The effect is, to be honest, a bit intimidating. It tires the ear sometimes, and the multiplicity of vocal approaches can all can blur into one polyphonic sameness if you’re not paying close attention. Some critics have accused Animal Collective of showing off, using their vocal ping-pong matches like a bad metal band uses guitar solos. I can’t argue that this is one of their best albums, though even now it sounds better with each listen as new details reveal themselves. What’s inarguble, though, is that the chaos and density allows for powerful payoffs when the two singers stop bantering and instead converge in harmony. The bridge on “FloriDada,” for example, is as glorious a musical passage as I’ve encountered in 2016.

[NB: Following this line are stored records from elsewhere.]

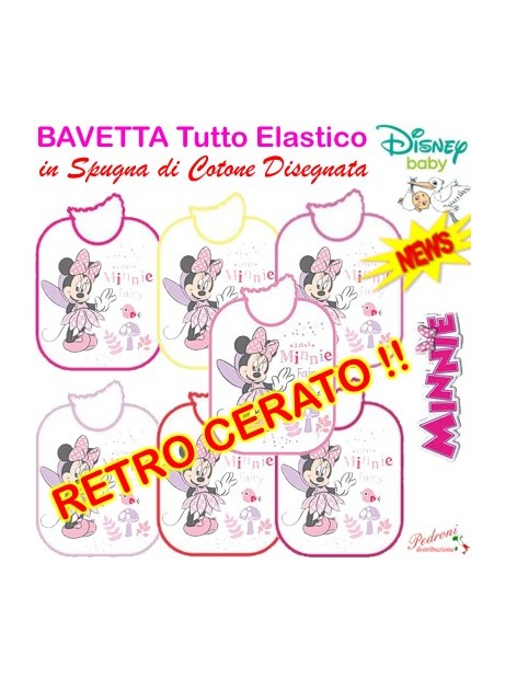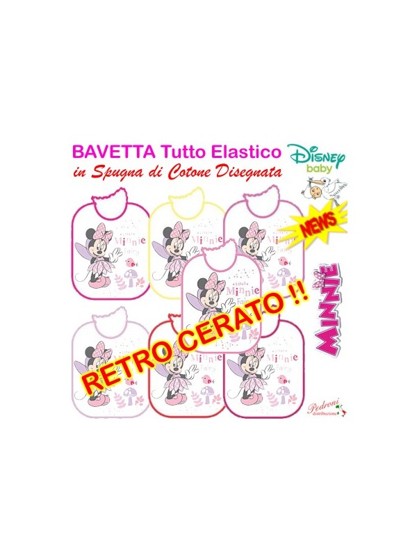 Bavaglia con RETRO CERATO " Antimacchia " e fronte in morbida spugna di COTONE con disegni " MINNIE MOUSE " come fotografia e allacciatura tutto elastico.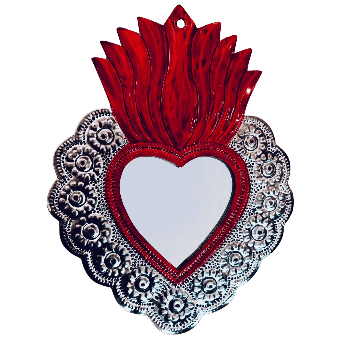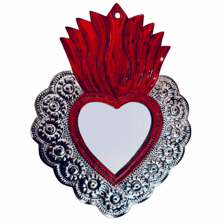 Si tratta di un cuore stilizzato realizzato in lamina di metallo (latta) argentata, spesso lavorata a mano con leggere martellature o incisioni che creano riflessi irregolari e vivi. La superficie metallica, lucida ma non perfettamente uniforme, conferisce all’oggetto un aspetto autentico e artigianale.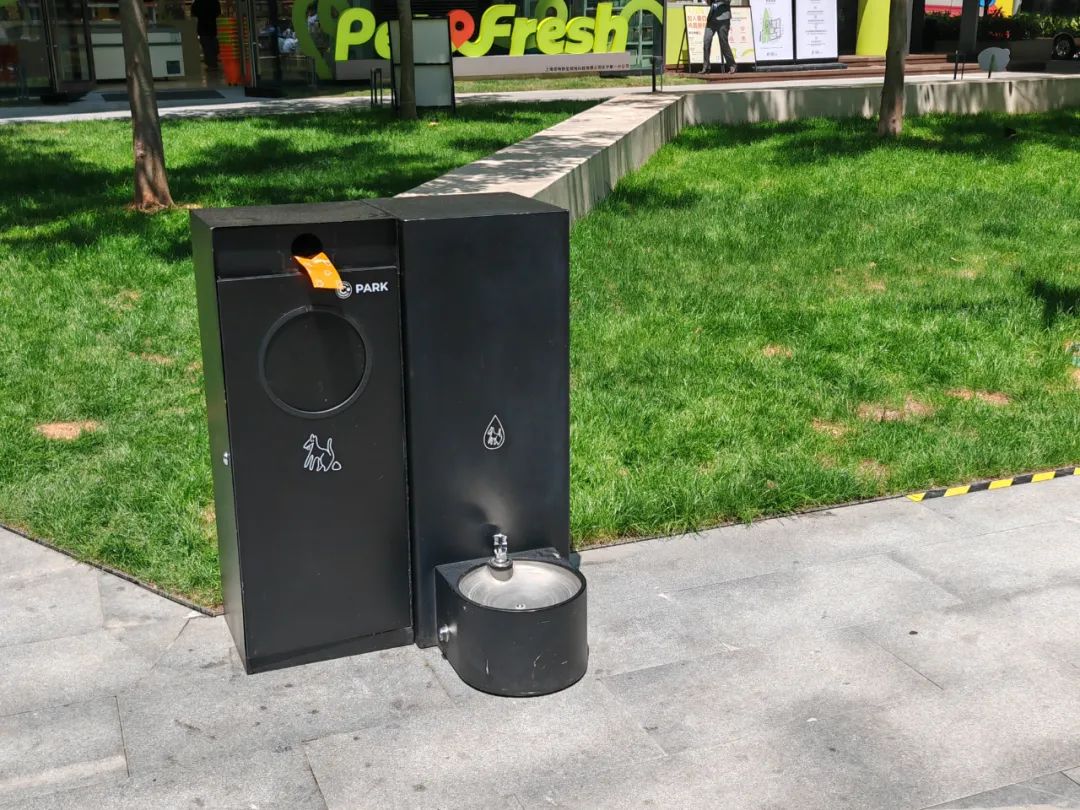 派特鲜生在长宁区海粟文化广场设立了第一家店。这里的很多细节都强调“宠物友好”:路边有一个便袋和饮水台,地下一层聚集了宠物摄影、宠物寄养、宠物百货等业态。即使在工作日下午,一些居民也带着他们的宠物狗来这里散步。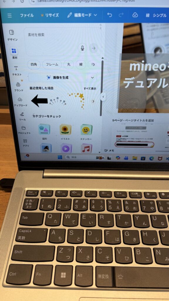 ただ、Canvaが開かれてからは、サクサク画像編集を進めることは可能でした。また、編集した画像のアップロードも遅さを感じませんでした。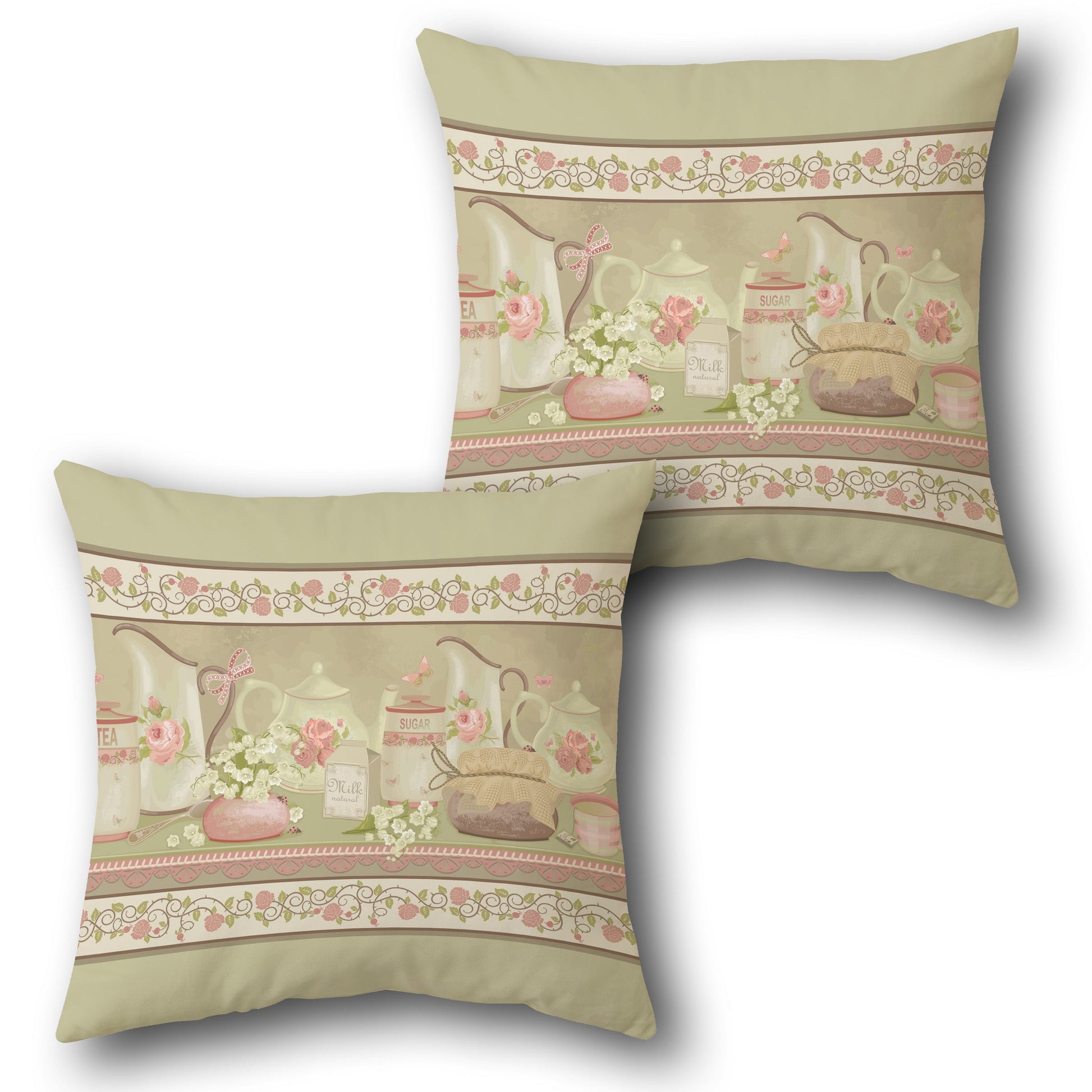 This cushion features a dual-sided design with a nostalgic kitchen theme. Both sides display a charming illustration of vintage teapots, jars labeled "Tea," "Milk," and "Sugar," and a jam jar, all adorned with soft pink roses and small white flowers. The scene is framed by a delicate border of pink roses and green leaves on a muted sage green base, giving it a cozy, rustic feel. The pastel tones of pink, white, and green create a soft, vintage aesthetic.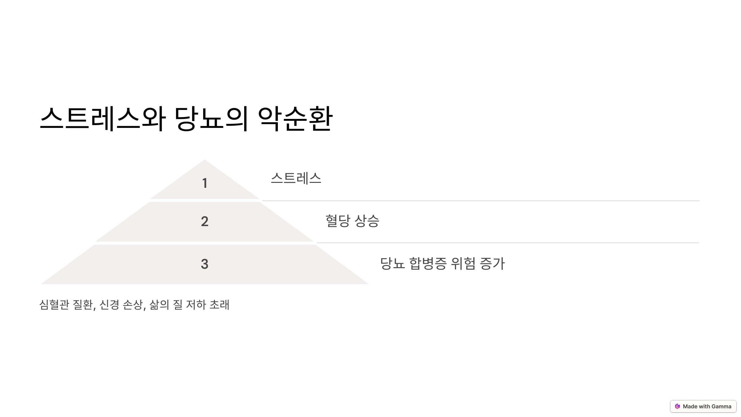 스트레스 → 혈당 상승 → 당뇨 합병증 위험 증가

The lyrics of that bridge are, it turns out, about a bridge, which is an image that helps clarify the possible underlying purpose of Painting With. When you sit with the lyrics you realize they’re all, basically, about various ways that people might be connected—geography, family, love, even gender (as on the Bea Arthur-sampling “Golden Gal”). “I wanna discover the key and open the everywhere place:  A mix of sky from Montana dipped in FloriDada,” goes one refrain, a surreal and surprisingly moving display of desire for unity. Connection and community have always been big parts of Animal Collective’s message, but here the concept of oneness is made incarnate by Portner and Lennox’s performance across the album. The phone app that promoted Painting With is even on theme in that it allows users to collaborate on art with other users.

Before they headed out on tour, the members of the band expressed some trepidation about how they were going to pull off the album’s complicated vocals in concert. I was curious, too, when I went to see them at the Royale in Boston earlier this week. Animal Collective shows are notoriously uncompromising events, with the members playing jammy, soupy sets that omit most of their “hits” and often lean heavily on unreleased material. That was somewhat the case here, though much of Painting With did get played. Whenever Avey Tare and Panda Bear had to trade off singing, I watched closely. To my surprise, it appeared they were mostly doing it live—casually throwing their voices to each other across the stage, with precision that seemed born less of practice than of  biological connection.